At this stage, two-word phrases are already evident. Additionally, children recognize denial and implement it. The use of “no” becomes repetitive. As an interesting fact, the first simple interrogative sentences also appear.

7-Progressive advances in subsequent periods (to years onwards)

Little by little it is appreciated how each child is progressively mastering their language. It is important to note that the morphosyntactic level varies in each infant. It should also be taken into account that each advance is conditioned by the environment and how the children are motivated.

An environment where people speak correctly and understood continuously ensures rapid language development in children.

Literary resources of the morphosyntactic level

This section is directly linked to the special uses that a person or community give to language when communicating. Among the most common, we have:

1-Parallelism

This refers to how some people repeat structures when speaking. It is common in poetry. However, it also occurs in everyday life.

Examples

– I like it, I like it, I like that house.

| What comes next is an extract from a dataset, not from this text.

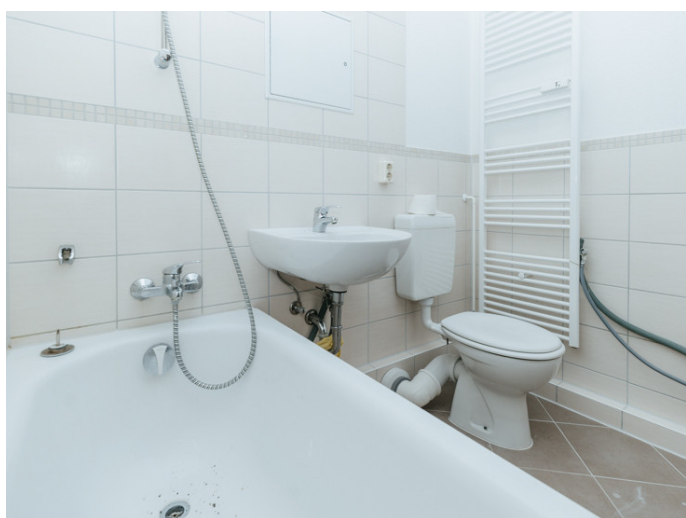
Neustädter See Dr. Grosz-Str. 5 1ML

– She has gone, she has moved away, she has become rain.

2-Antithesis

It refers to the presence of contrary concepts in the same sentence. It is also common in poetry. However, there are communities that present this type of literary device in their speech.

There is an interesting case in Venezuela. There, to say “a lot”, certain communities say “more little.” As will be understood, “little” is a determinant that indicates “low amount of something.” And “greater” is an adjective that indicates greatness. And yes, both words contradict each other. However, in several localities of Venezuela “more little” is understood as a lot.

Examples

– I come, I come, I stay still.

– Darkness and clarity, I want them.

3-Hyperbole

This resource is very common in the colloquial speech of the peoples worldwide. It is characterized by a notable exaggeration when communicating an idea or experience.

Examples

– The car was huge, bigger than the house.

– The plane flew low, almost touching the roof of the house.

4-Metaphor

This resource is characterized by the substitution of one word for another. It is given by a relationship of similarity that the person imagines or considers that these words have. It is widely used in poetry, but there are notable cases in colloquial speech. Morphosyntactic level general qualities

Examples

– Mary , my angel , your hands are soft handkerchiefs . (Angelic woman / delicate hands).

– That man is a mad bear . (Strong character).